Scrapy Cloud: Guide to Running Spiders In The Cloud

Scrapy Cloud is a scalable cloud hosting solution for running & scheduling your Scrapy spiders, created by Zyte (formerly Scrapinghub).

Styled as a Heroku for Scrapy spiders, it makes deploying, scheduling and running your spiders in the cloud very easy.

In this guide we are going to show you how to:

Need help scraping the web?

Then check out ScrapeOps, the complete toolkit for web scraping.


Demo Spider

In this guide, we're going to deploy the public demo Scrapy spider booksbot. To use it simple clone it to your machine.


git clone https://github.com/scrapy/booksbot.git
cd booksbot


Should I Use Scrapy Cloud?

Scrapy Cloud is a great spider hosting solution if you are building your scrapers using the Scrapy, and don't want to deal with setting up your own servers and job scheduling system.

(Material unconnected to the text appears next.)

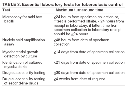 Educating Patients and Communities at High Risk Education of patients by clinicians, TB program staff, and trusted community members promotes acceptance and adherence to authoritative advice about controlling and preventing TB. Such education can influence patients' decision-making about whether to accept and complete treatment for LTBI (202). Because cultural and health beliefs might act as barriers to effective control of TB (18,19), an increasing need exists for education targeted at populations at high risk (19). TB-control programs should enlist community-based organizations and other key informants to discover the health beliefs, norms, and values of communities at high risk in their jurisdictions (202,203). Professional associations and academic institutions (including schools of medicine, public health, and nursing) will be valuable partners in developing an understanding of the health perceptions of these populations. Education materials should be developed with input from the target audience to ensure that they are culturally and linguistically appropriate (203,204). The Strategic Plan for TB Training and Education In 1997, CDC funded a project to develop a Strategic Plan for Tuberculosis Training and Education (the Strategic Plan) that provided guidance to agencies and organizations in the United States that offer TB training and education for public- and private-sector providers. The Strategic Plan specified critical areas requiring attention, including 1) the need for culturally competent programs and materials, 2) effective methods and technologies, 3) collaboration and cooperation among training and education partners outside TB-control programs, and 4) adequate funding for training and education efforts. Other Resources for TB Training and Education Substantial progress has been made in developing and disseminating resources for TB training and education. CDC and national TB centers, NTCA, regional controllers associations (e.g., the Northeast Tuberculosis Training Consortium), state and local health departments, and the National Laboratory Training Network have all conducted education programs or developed training and education materials. In 2001, as stipulated by the Strategic Plan, the Tuberculosis Education and Training Network was established. The network is coordinated by CDC and includes educators in local, state, and territorial health agencies. CDC has also developed the Tuberculosis Information CD-ROM, Version 3, and the Tuberculosis Education and Training Resource Guide; these products are designed to enhance awareness and accessibility of resources (available at http://www.cdc.gov/nchstp/tb/default.htm) for TB education and training. The establishment in 2004 of the National Tuberculosis Curriculum Coordinating Center at the University of California at San Diego by the National Heart Lung and Blood Institute signals a commitment by the National Institutes of Health (NIH) to provide basic TB education for health-care students and providers. Professional societies and specialty boards are means for reaching private medical providers. Including TB as a subject in state medical society programs, hospital grand rounds, and medical specialty board examinations would be a valuable resource for providers serving populations at low risk. New linkages should be established to reach providers serving populations at high risk (e.g., foreign-born, homeless, and HIV-infected persons). For example, the AIDS Education and Training Centers funded by the Health Resources and Services Administration are a resource for reaching HIV/AIDS providers, and foreign physicians' associations and community-based organizations are potential partners for reaching international medical graduates and health-care providers of foreign-born persons. Laboratory Services for Optimal TB ControlThe diagnosis of TB, management of patients with the disease, and public health control services rely on accurate laboratory tests. Laboratory services are an essential component of effective TB control, providing key information to clinicians (for patient care) and public health agencies (for control services). Up to 80% of all initial TB-related laboratory work (e.g., smear and culture inoculation) is performed in hospitals, clinics, and independent laboratories outside the public health system, whereas >50% of species identification and drug susceptibility testing is performed in public health laboratories (205). Thus, effective TB control requires a network of public and private laboratories to optimize laboratory testing and the flow of information. Public health laboratorians, as a component of the public health sector with a mandate for TB control, should take a leadership role in developing laboratory networks and in facilitating communication among laboratorians, clinicians, and TB controllers. Role of Public Health Laboratories Public health laboratories should ensure that clinicians and public health agencies within their jurisdictions have ready access to reliable laboratory tests for diagnosis and treatment of TB (206). Specific tasks to ensure the availability, accessibility, and quality of essential laboratory services are 1) assessment of the cost and availability of TB laboratory services and 2) development of strategic plans to implement and maintain a systems approach to TB testing (207). In this process, public health laboratories should assess and monitor the competence of laboratories that perform any testing related to the diagnosis, management, and control of TB within their jurisdictions; develop guidelines for reporting and tracking of laboratory results; and educate laboratory staff members, health-care providers, and public health officials about available laboratory tests, new technologies, and indications for their use. For example, public health laboratories should lead the discussion on the costs, logistics requirements (e.g., collection and transport of clinical specimens wit

With Scrapy Cloud you simply need to deploy your spiders to the Scrapy Cloud platform and configure when you want them to run. From here, Scrapy Cloud takes care of running the jobs and storing the data your spiders scrape.

Scrapy Cloud boasts some pretty powerful features:

  • On-demand scaling
  • Easy integration with other Scrapy & Zyte products (Splash, Spidermon, Zyte Smart Proxy Manager)
  • Full suite of logging & data QA tools

There are some downsides to Scrapy Cloud however:

  • Ineffective Free Plan - Although Scrapy Cloud offers a free plan, you can't schedule jobs with it and can only execute 1 hour of crawl time then it can't really be used for production scraping.
  • Cost - The Professional plan starts at $9 per Scrapy Unit per month (1 Scrapy Unit = 1 GB of RAM * 1 concurrent crawl), meaning that it is reasonably priced if you don't have much scraping to do and don't want to worry about setting up your own servers. However, if you are scraping at scale it can get quite expensive.
  • Lacks Distributed Crawl Support - Scrapy Cloud doesn't really support distributed crawls where you can spin up multiple workers pulling URLs from a centralised queue.
Scrapy Cloud Alternatives

Alternatively, there are free and cheaper alternatives to Scrapy Cloud that are just as simple to use and more flexible than Scrapy Cloud. Check out The 3 Best Scrapy Cloud Alternatives.


Get Started With Scrapy Cloud

Getting started with Scrapy Cloud is very simple.

First create a Free Account Scrapy Cloud Here, and then once logged in click "Start a new project".

Python Scrapy Playbook - Start Scrapy Cloud Project

And give your project a name.

Python Scrapy Playbook - Create Scrapy Cloud Project

Once your project has been created, you have two ways to deploy your Scrapy spiders to Scrapy Cloud:

  • Via the Command Line
  • Via Github Integration

Python Scrapy Playbook - Scrapy Cloud Deployment Options


Deploy Your Spiders To Scrapy Cloud From Command Line

Using the shub command line tool we can deploy our spiders directly to Scrapy Cloud from the command line.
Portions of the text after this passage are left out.